- przez Agnieszka KzMP
Lanvin – francuska projektantka mody, która stworzyła prawdziwe
imperium, dom mody sygnowany swoim nazwiskiem. Mówi się, że była największą konkurencją dla Gabriel (Coco)
Chanel. Pochodząca z biednej rodziny, jako najstarsza z jedenaściorga
rodzeństwa chcąc zapomnieć o ubóstwie bardzo wcześnie zaczęła pracę
zarobkową. Jako nastolatka wykonywała kapelusze, pracownię modniarską otworzyła mając 22 lata, a 2 lata później dom mody. Paryżanki szalały za jej kreacjami a dla Jeanne szeroko otworzyły się drzwi do zamożnego paryskiego towarzystwa. Tam poznała a potem poślubiła księcia Emilio di Pietro. 2 lata później urodziła swoją jedyną ukochaną córkę Marguerite. Córka była dla matki muzą, od najmłodszych lat szyła dla niej przepiękne kreacje, co z czasem zaowocowało pierwszą na świecie linią mody dla dzieci i dorastających dziewcząt. Małżeństwo Jeanne nie przetrwało, ale dość szybko wyszła ponownie za mąż – tym razem za dziennikarza.
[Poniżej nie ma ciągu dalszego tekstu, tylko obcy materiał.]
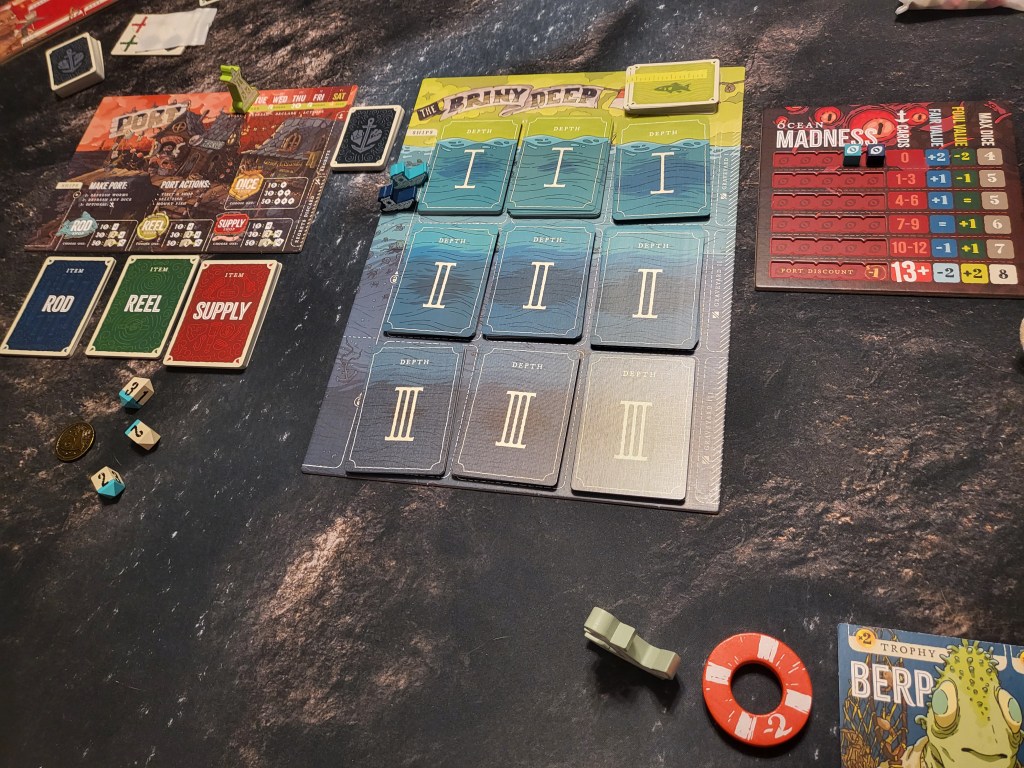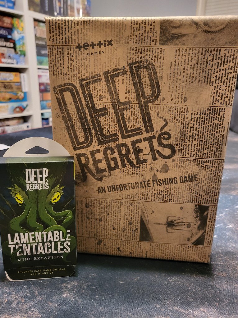 Deep Regrets is an original, goofy, strategic, fun game about regrets, fishing, monsters, and more! The solo game and multiplayer game play very differently, so this review will essentially be separated into two parts. Overall, though, this game is a keeper!

To z jej rąk wychodziły najpiękniejsze suknie dwudziestolecia międzywojennego, niestety, nie każdego było na nie stać. Lanvin Parfums było swego rodzaju odpowiedzią domu mody dla odbiorców, którzy nie mogli pozwolić sobie na kreację, ale mogli nabyć flakon perfum ulubionej projektantki. Arcydziełem zapachowym Lanvin jest Arpége – zapach, który powstał w 1927r. i jest dostępny również i dzisiaj. Bardzo lubię i często wracam do Éclat d’Arpège, ale w dzisiejszym wpisie spróbuję odgadnąć co twórca zapachu chce nam powiedzieć nazywając go po prostu Jeanne. Zanim jednak przejdę do samego zapachu, zwracam uwagę na logo Lanvin, które przedstawia samą Jeanne z Marguerite, obraz miłości matki i córki. Historia mówi, że zdjęcie, na postawie którego powstało logo, zostało zrobione podczas jednego z balów, przedstawia Jeanne i Marguerite w strojach balowych.
Podoba mi się minimalistyczny i regularny kształt flakonu Jeanne, który doskonale ukazuje różowy płyn. Różowe barwy perfum kojarzą się z zapachem świeżym, kwiatowym i typowo wiosenno-letnim. Jeanne również taka jest, zaliczana jest do zapachów owocowo-kwiatowych. Odniesieniem do projektantki (tak mniemam) jest okalający, trochę figlarnie zawiązany tiul w jasno różowym kolorze, pod przykryciem którego umieszczono na flakonie nazwę zapachu wyszytą na kawałku materiału, który łudząco przypomina tzw. „metkę”, którą znajdujemy wszytą do odzieży. Flakon o regularnym kwadratowym kształcie wieńczy ciężki metalowy korek.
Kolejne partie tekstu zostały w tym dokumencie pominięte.